Society has rejected this scenario by providing police service for all from common tax funds. True, as in all government services, the rich largely subsidize the poor and may not even directly use the police service. But those wealthier families benefit along with the rest of society from the community being orderly and protected.
Public education provides opportunity for all students and the increased likelihood of students becoming contributing members of society rather than welfare recipients or criminals. Roads likewise make trade, work, and consumer spending possible. The government often makes bad decisions or operates inefficiently, but the tremendous moral and practical benefits these programs provide to society outweigh the disadvantages. Everyone benefits from these public goods even as we sometimes struggle to pay taxes. Trying to simultaneously fund another system of police, road building, or education would only increase the tax burden and dilute the funds needed for an already difficult undertaking. Vouchers neither capture the benefits, nor avoid the pitfalls of a free-market system of education.
American public education may have warts and a limp at times, but it is NOT broken and has produced major social and economic improvement for millions of people. I’m going to copy in the exchange on another blog inspired by posters reacting to the TRUE Oreo cookie ad:
Millard Fillmore's Bathtub
“If you consider paying taxes “financial coercion,” go somewhere else. Here we regard citizenship as a duty, a noble duty as did the Romans, for one example, and the Greeks. Our nation was founded on the assumption that patriots would do their duty to their nation. If you wish not to, make your case directly with the people.
You really want to kill public education? Make the case for doing so.
We have the world’s best system of public education because private education was not fully adequate to meet the needs of our republican government, nor for our economic development. It’s still true.”
So public education dollars predominantly go to services that benefit hundreds or thousands of students at once, i.e. schools, teachers, computers, buses, etc. The myth of "my taxes" going where "I want them"—rather than some sacrifice for society's good—changes the paradigm to school as a paid service where we purchase what we want. Whatever the exact stat is—20% percent of tax payers pay 80% percent of taxes...or something in that range—that philosophy inevitably leads to increased privatization and exclusion of a large portion of society because they can't afford their share. Most Americans and most Utahns reject that, as does the official state policy for education funding.
http://le.utah.gov/interim/2007/pdf/00000364.pdf
The second paragraph states "The WPU is NOT a plan of expenditure, or budget...but a mechanism to derive total program cost and distribute revenues." (Caps mine)

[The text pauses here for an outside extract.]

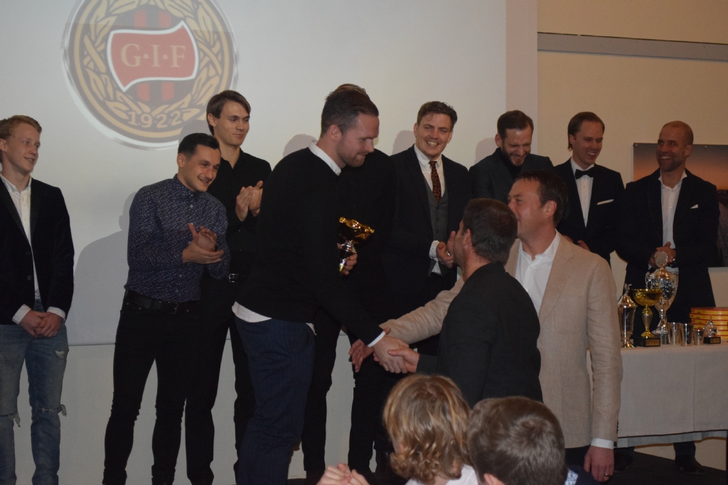 Grebbestadspelarna har äntligen fått pokalen för segern i DM. Pokalen tas emot av vice kapten Jimmie Larsson

Each student shares thousands and thousands of dollars from everyone’s pooled contributions each day as they are taught by several teachers, use computer labs, books, and equipment, and learn in an expensive public facility. None of this would be attainable for the majority of students—not just the poorest students—if each family was responsible to individually finance their children’s education.
Free markets will never provide for the education of ALL children and do not guarantee a quality education to the students who do get educated. However, the rich, and the very rich such as the national-voucher-campaign-supporting Walton family, would still be able to send their kids to great schools while saving literally millions in taxes that previously educated others. Is this really a viable or desirable solution for our education problems?